The Washington Post's Emily Badger has an interesting post about the changing demographics of America's cities. Rich and poor people have always lived in different neighborhoods. But in recent decades, they've increasingly started living in different metropolitan areas altogether. College-educated professionals are flocking to coastal cities like San Francisco, New York, Boston, and Washington DC. Less skilled workers disproportionately live in rust belt and sun belt cities with cheap housing but fewer amenities.
As Badger points out, this has created something of a vicious cycle. Opportunities are disproportionately being created in high-cost cities, boosting the incomes of the already affluent people who live there. That pushes rents higher, making it even harder for less skilled workers to live in America's most dynamic cities, pushing many of them to leave.
Badger blames rising demand for the high cost of living in these cities. But the real culprit is strict regulations that make it almost impossible to expand the housing stock in most parts of these cities.
You can see this if you compare San Francisco today to Detroit a century ago. San Francisco is in the midst of a boom driven by information technology, just as Detroit was in the midst of an automobile-driven boom in the early 20th Century. Yet these booms have had dramatically different effects on the cities where they occurred.
In 1900, a few years before Henry Ford founded his auto company, the Detroit metropolitan area had around half a million people. By 1920, the population had almost tripled to 1.4 million, and it grew to 2.5 million people by 1940. Thanks to the booming auto industry, Detroit grew a lot faster than the nation as a whole. Those extra 2 million people weren't just workers on Henry Ford's assembly lines — they included barbers, schoolteachers, doctors, janitors, waitresses, and others providing services to the growing population of middle-class auto workers.

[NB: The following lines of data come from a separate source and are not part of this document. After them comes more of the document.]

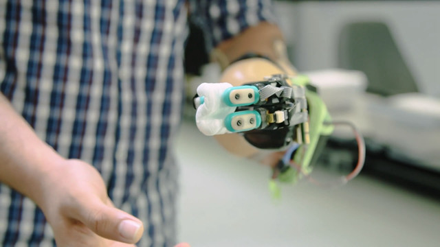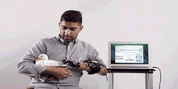 那么,這到底有什么用呢?SynTouch發(fā)布了多個視頻用來解釋,比如佩戴機(jī)械臂的工作人員用機(jī)器指尖撫摸兔子、鵝等動物,新技術(shù)讓指尖可以感受到動物柔軟的毛皮、從而自動判斷應(yīng)有的力度,動物沒有絲毫不適感。
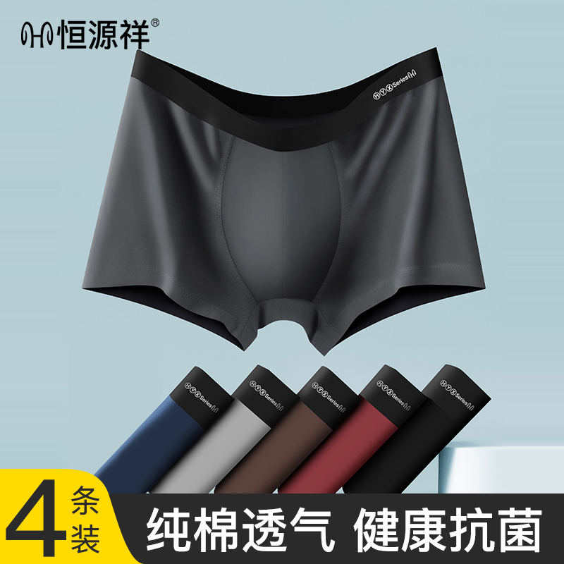 【产品名称:恒源祥纯棉抑菌内裤男士2023年新款透气吸汗纯色大码青少年男裤头】
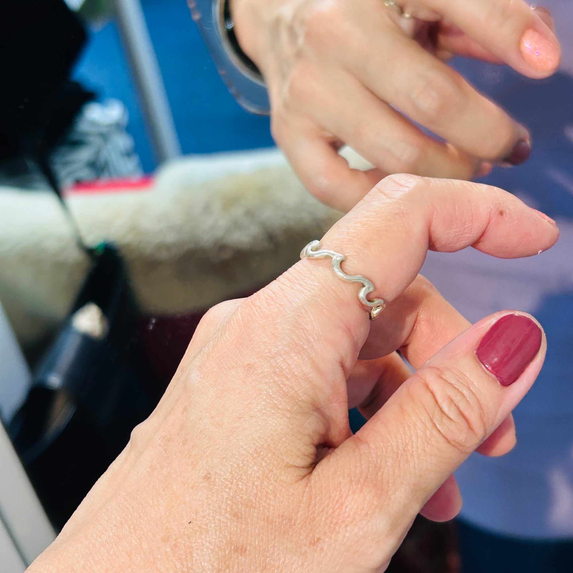 波模様みたいなバンドリング。ハンドメイドらしい不揃いな波が1点物という感じがしていいと思います。セミマットなシルバーです。さりげないアクセントになるリング。内側にアーティストサイン「DVH」と「925」刻印。
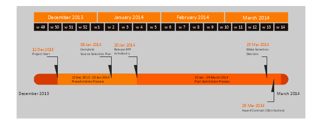 The project plan timeline diagram example "Request for proposal (RFP)" was created using the ConceptDraw PRO diagramming and vector drawing software extended with the Timeline Diagrams solution from the Management area of ConceptDraw Solution Park.
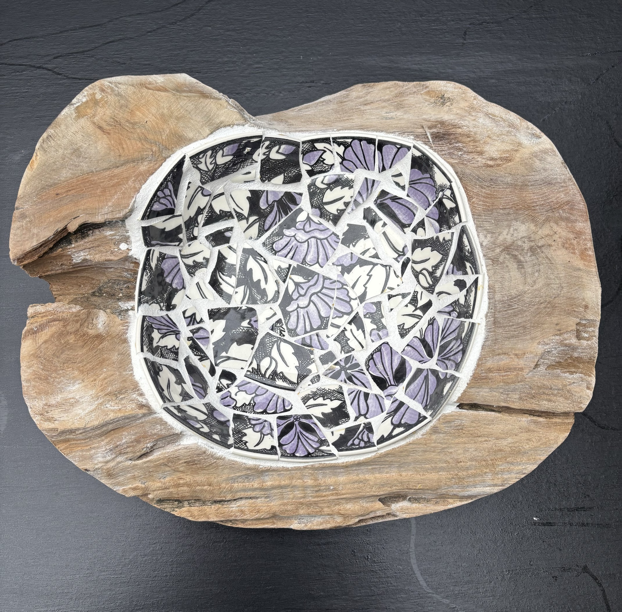 Schaal van teakhout bewerkt met een porseleinen zwart/paars bord.
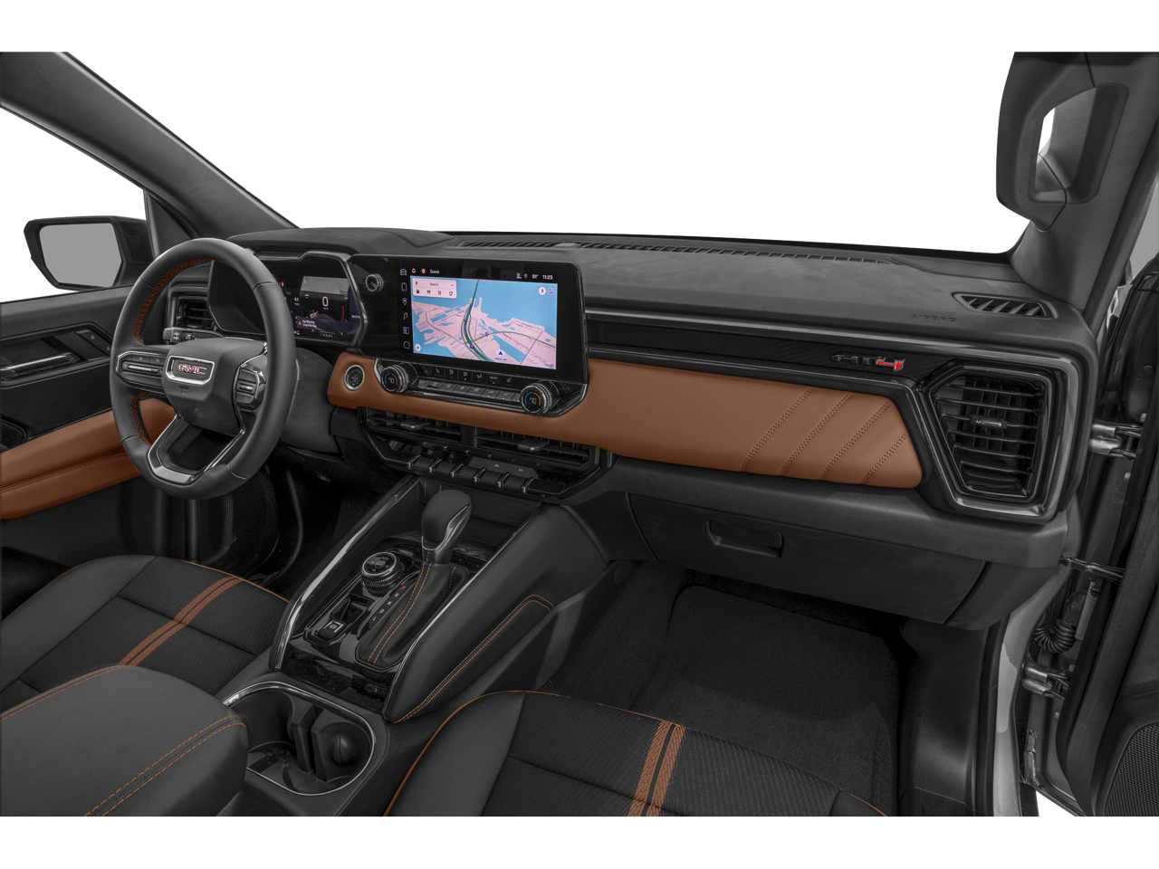 Tech is where this Canyon really separates itself. The 11.3 inch GMC infotainment system, Apple CarPlay, Android Auto, wireless smartphone projection, navigation, HD surround vision, adaptive cruise control, rear pedestrian alert, blind zone steering assist with trailering, forward collision alert, lane keep assist, and rear cross traffic braking create a truck that feels intelligent, connected, and confidently modern.

Since 1990, the San Francisco Bay Area has been experiencing a similar economic boom. Google, Facebook, and hundreds of other new technology companies are creating thousands of new jobs. Increasingly affluent engineers want haircuts, restaurant meals, remodeled kitchens, medical care, schools for their children, and so forth, just as auto workers did a century ago. Ordinarily, you'd expect workers across the income distribution would flock to the Bay Area to provide these kinds of services. The population of the Bay Area should be swelling.
But that mostly hasn't happened. Since 1990, the San Francisco Bay Area has grown more slowly than the nation as a whole. Strict housing regulations make it difficult to expand the housing stock. So rather than creating a tide that lifts all boats, Silicon Valley's millions have pushed housing prices up and non-wealthy San Franciscans out. Over the last two decades, a lot of them have left the area for fast-growing places like Phoenix and Las Vegas. The job opportunities there aren't as good, but you can afford to buy a house on a middle-class salary.
This graph shows a big part of the reason. The blue line is San Francisco and Oakland, purple is Silicon Valley. The green and red lines are Las Vegas and Phoenix.
In 1990, the San Francisco Bay Area was bigger than the Phoenix and Las Vegas metropolitan areas. Yet the latter allowed dramatically more construction during the 1990s and 2000s. Little wonder that the Bay Area has seen slow population growth and rising rents.
It doesn't have to be this way. The Bay Area has plenty of room for more housing. San Francisco is less than half as dense of Brooklyn. Surrounding communities are a lot less dense than that. If housing regulations were relaxed, developers would make room for millions of new residents, creating thousands of construction jobs in the process. That would alleviate the severe housing shortage currently plaguing the city. And it would create opportunities for millions of non-wealthy people to live near the opportunities and amenities of America's high-tech capital.
And the same point applies to Boston, Washington DC, Los Angeles, and New York itself. We have the technology to build a lot more housing in all of these cities. That would make them more affordable to residents who are not wealthy. Instead, overly strict regulations have created a severe housing shortage, hampering the growth of some of America's most productive industries.